На пятом складе «Книгоэкспорта» было очень много книг, причем преимущественно на всевозможных иностранных языках и к тому же изданных за рубежом. И для тех, кто владел этими иностранными языками, там было что почитать. А те, кто, подобно моему другу Герману, никаких языков не знали, могли услаждать душу и тешить взор прекрасными альбомами репродукций с картин лучших художников мира. Этих превосходно изданных и с великолепным качеством печати альбомов на складе тоже было изрядное количество, и мы с Германом посвящали их изучению почти все свободное от основной работы время.
Хотя должен с горечью признаться, что в области живописи и пластических искусств я являлся в то время (как, впрочем, и сейчас) абсолютным профаном. Нет, конечно, кое-какие общие представления об этом у меня имеются, и я не путаю передвижников с пуантилистами и визуально вполне могу отличить раннего Веронезе от позднего Глазунова. Но то ли оттого, что я сам не умею толком нарисовать даже домика, то ли оттого, что у меня с детства не все в порядке со зрением, я никогда, за редчайшими исключениями, не мог воспринимать произведение живописи как источник катартических ощущений. Почему-то мне этого не дано.

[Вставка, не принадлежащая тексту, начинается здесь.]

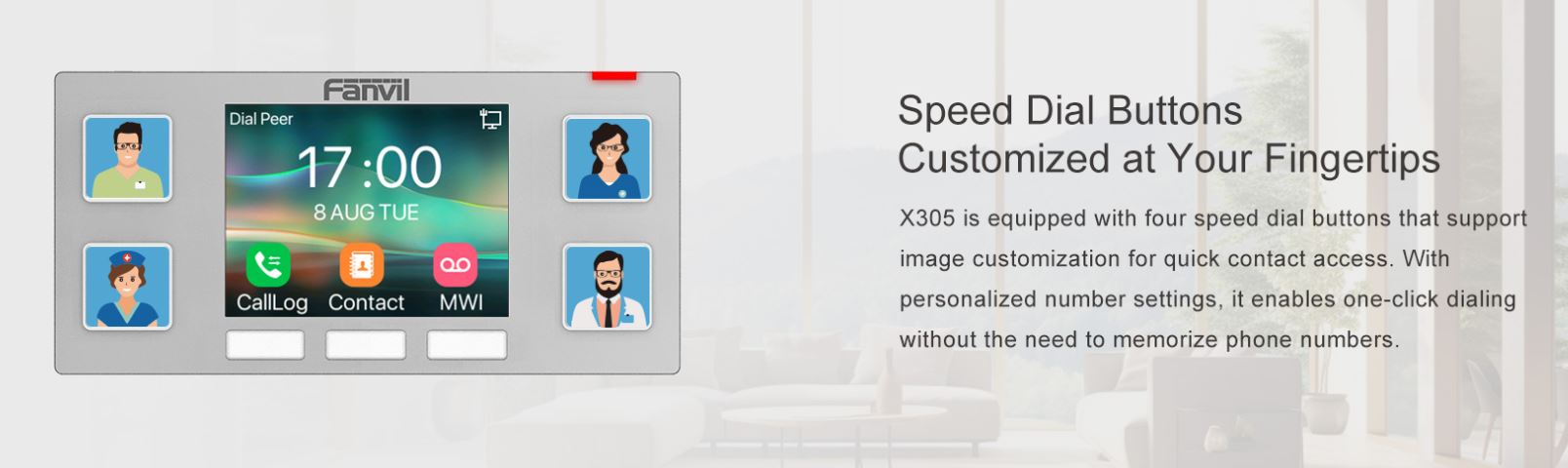 X305 is equipped with four speed dial buttons that support image customization for quick contact access.

Герман же, в отличие от меня, чувствовал живопись очень глубоко и своеобычно. Правда, из всего многообразия ее направлений, стилей и жанров он признавал только обнаженную женскую натуру, но зато уж в этой области он был таким тонким знатоком и пристрастным ценителем, каких поискать. Он знал наперечет всех обнаженных в мировой живописи и мог часами говорить о достоинствах и недостатках каждой из них. Как правило, предметом его рассуждений была личная жизнь изображенных женщин. Обладая живым воображением и своеобразно ориентированным менталитетом, он умел до мельчайших подробностей описать то, что предшествовало моменту, запечатленному на картине, или то, что вот-вот должно произойти. Так, например, излюбленным объектом для его вербальных и мимических импровизаций служила знаменитая картина Э.Мане «Завтрак на траве», по поводу сюжета и композиции которой он обыкновенно излагал столько домыслов, предположений и ссылок на факты своей личной биографии, что вполне мог бы написать искусствоведческую диссертацию. При этом он часто как бы сам переносился на холст и применительно к ритму, колориту и настроению произведения очень мотивированно объяснял, что именно он бы сделал или не сделал, окажись он в той или иной гипотетический ситуации.
По целому ряду одному ему известных признаков он умел безошибочно определить, кто изображен на картине: женщина или девушка. Причем его интуитивное понимание вопроса было так глубоко, что, будучи совершенно незнаком с тонкостями классического евангелического сюжета, он тем не менее всех без исключения мадонн с младенцем неукоснительно причислял к девушкам.
По своему милому невежеству Герман, конечно, не знал и не хотел знать собственных имен мифологических героинь — этих афродит, диан и данай — и поэтому всех обнаженных, независимо от национальной и мифологической принадлежности, ласково называл «нюрами» (очевидно, от французского «ню»).